One of the questions I get asked all the time is, “Which (fill-in-the-blank-tech-device) should I buy?” This is a tricky question. In many cases comparable models are made of parts from the same manufacturers. This means there is no clear cut “best.” Cost differences are usually related to the quality of internal parts, optional capabilities, software, support, and customer service. Adding to the confusion is the fact that we can’t trust online reviews.

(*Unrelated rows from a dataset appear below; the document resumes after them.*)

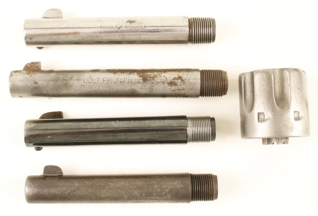 (1) 4 3/4" blued barrel marked "Colt Single Action Army 44-40" (1) 4 3/4" nickeled barrel marked "(Bisley Model)" in .45 & (1) 5 1/2" with no finish remaining marked "(Bisley Model) Colt Frontier Six Shooter" in .22. Also included is a .45 Colt cylinder & (1) 4 3/4" blued unmarked barrel.
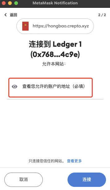 如果该网站唤起MetaMask的弹窗只是要求查看你的钱包地址,是安全的,例如下图:
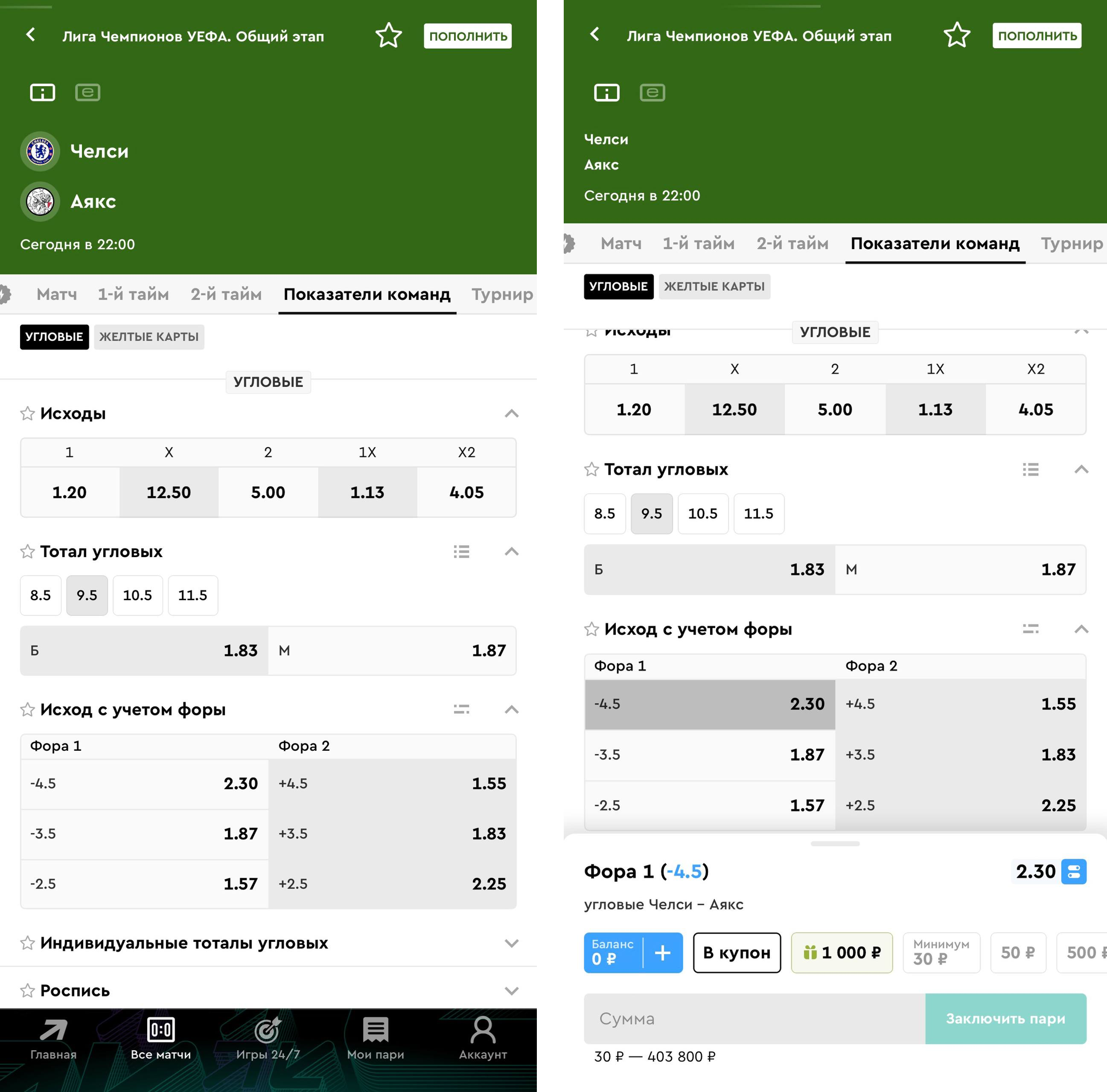 Пример №2. Матч Лиги чемпионов между командами «Челси» и «Аяксом». Фаворит матча — хозяева, и помимо основной линии, на рынках второго ранга их преимущество тоже заметно. К примеру, если вы захотите поставить на победу лондонцев по угловым, то так же можно легко найти вариант с форой, в том числе -4,5. Он оценивается на данный матч в коэффициент 2.30. Для выигрыша такого пари «Челси» должен подать на 5 или более угловых, чем «Аякс».
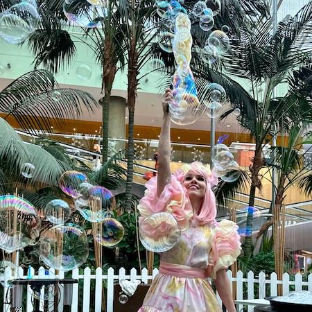 Esta talentosa artista de burbujas ofrece entretenimiento interactivo para niños que toda la familia puede disfrutar
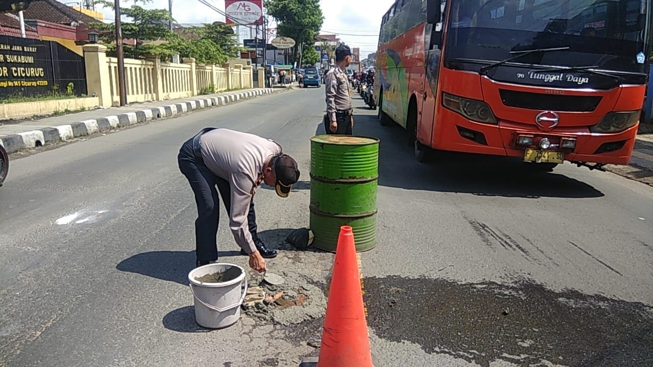 Akibat Sering Terjadi Kecelakaan, Polsek Cicurug Polres Sukabumi Polda Jabar Tambal Jalan Berlubang
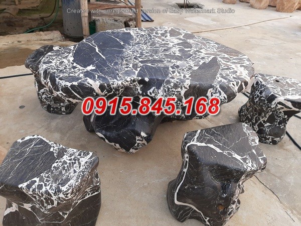 Bàn ghế đá sân vườn đen đá nguyên khối
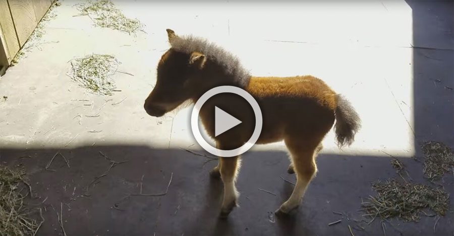 Bueno, tal vez no sería tan malo si te dabas la vuelta y vieras que estabas siendo seguido por… ¡este adorable caballo en miniatura! Esa es la situación que se encontró Sterling Bartow cuando estaba caminando a través de un granero. Se dio la vuelta y se dio cuenta de que su acosador era este bonito caballo bebé. ¡Ahora espera a ver lo pequeño que es en comparación con el perro!
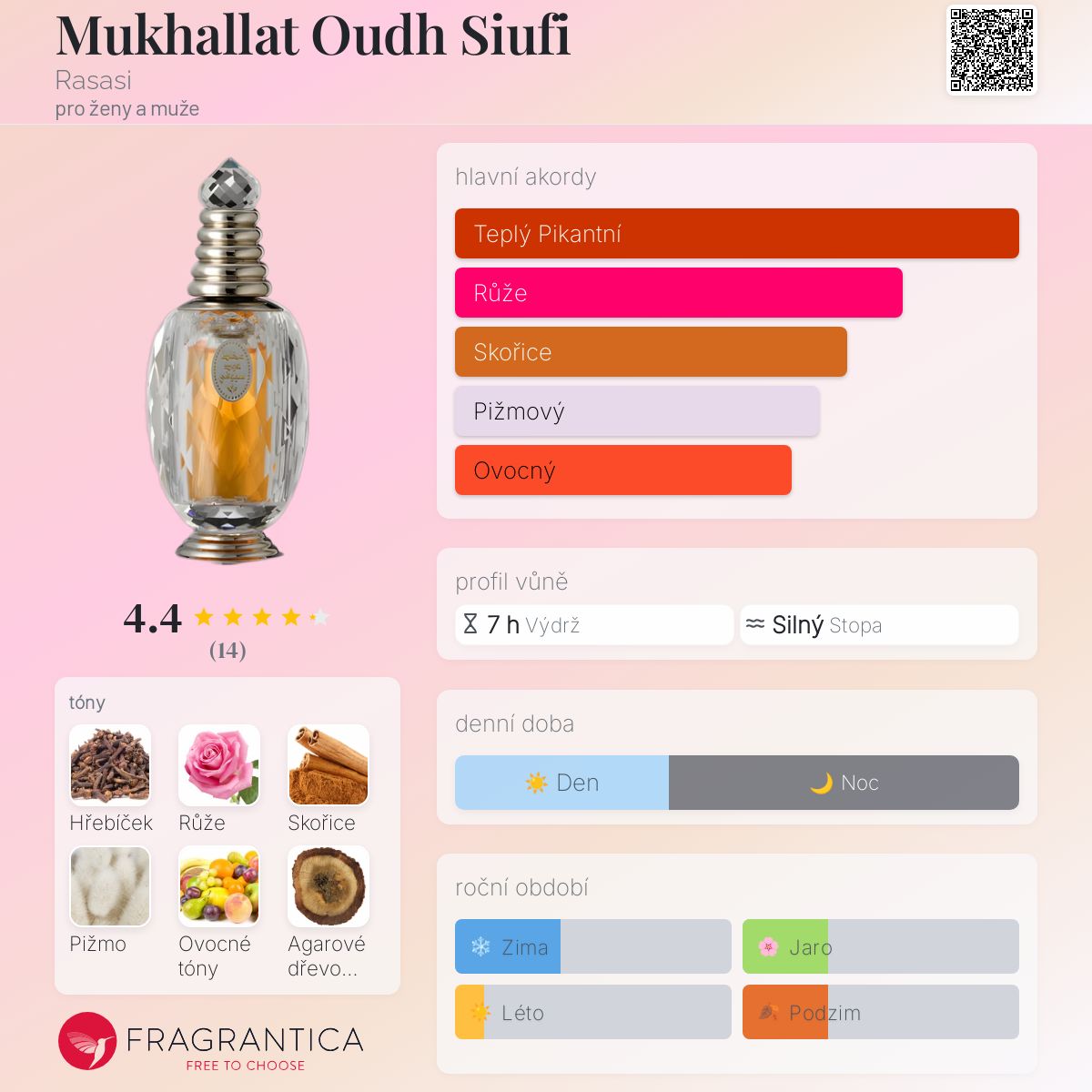 Mukhallat Oudh Siufi podle Rasasi je Orientální Spicy vůně pro ženy a muže. Vrchní tóny jsou Růže, Ovocné tóny a Levandule; střední tóny jsouHřebíček, Skořice a Kardamom ; základní tóny jsou Pižmo, Agarové dřevo (oud) a Santalové dřevo.

Here are a few tips to help get you through the remainder of the holiday season when it comes to purchasing technology.
  1. Stick with trusted brands (or name brands)! - Brands that have been around for a while have an established reputation and user base that they are generally trying to maintain.
  2. Do your homework, especially if you take a chance on a lesser known or cheaper brand! Use companies, reviewers, and websites that you trust to help inform your decisions (examples: Consumer Reports, CNET, TechCrunch). Check out bloggers, podcasters, and youtubers who report on products. Shop in-store so you can ask questions like; “Do they get a lot of returns for a particular product;” and “Which products do the employees buy.”
  3. Know your return policies! If it is a gift, you might want to consider opening the box, charging, and testing it to make sure it works. One Christmas season I had three disappointed young boys who had to wait 6 weeks to get their gift back from the manufacturer. It could have been avoided if we had tested the product when we bought it.
  4. Finally, understand online reviews. Forbes estimated that up to 70% of Amazon reviews are fake. Buzzfeed interviewed a paid reviewer regarding her “fake” reviews. I personally know four people who receive free products for reviews, just very similar to the Buzzfeed article. The Financial Times made a decent short video regarding how fake reviews affect buyers and sellers. 

Online reviews can still be useful, but you should have certain checks and balances in place. Here are some great questions to ask yourself before trusting an online review:

  • Are there other sites with the same product and do the reviews match?
  • Are the reviews specific or generic?
  • Do the reviews talk more about the seller or product?
  • Are there specific common complaints with the product and am I willing to deal with those complaints?
  • How many reviews have been left for the product?

Even with the tips above, we can still find ourselves in a store looking at what might be a stellar deal! Here are the steps I take before making that purchase:

  • Pull out my smartphone and compare review sites. Are they all similar? Are there a lot of reviews?
  • See if I can find some trusted reviews that specifically state whether a product does what I want it to or if there are known limitations.
  • Know my options and values. Return policies, human support, quality, and manufacturing locations are all things to consider with cost. If there is a business that is particularly helpful to me, then I make it a priority to support that business, even if the cost is slightly higher. Companies want to build trust, leverage that!

Hopefully the steps above can help you when you are making purchasing decisions this holiday season and into the future!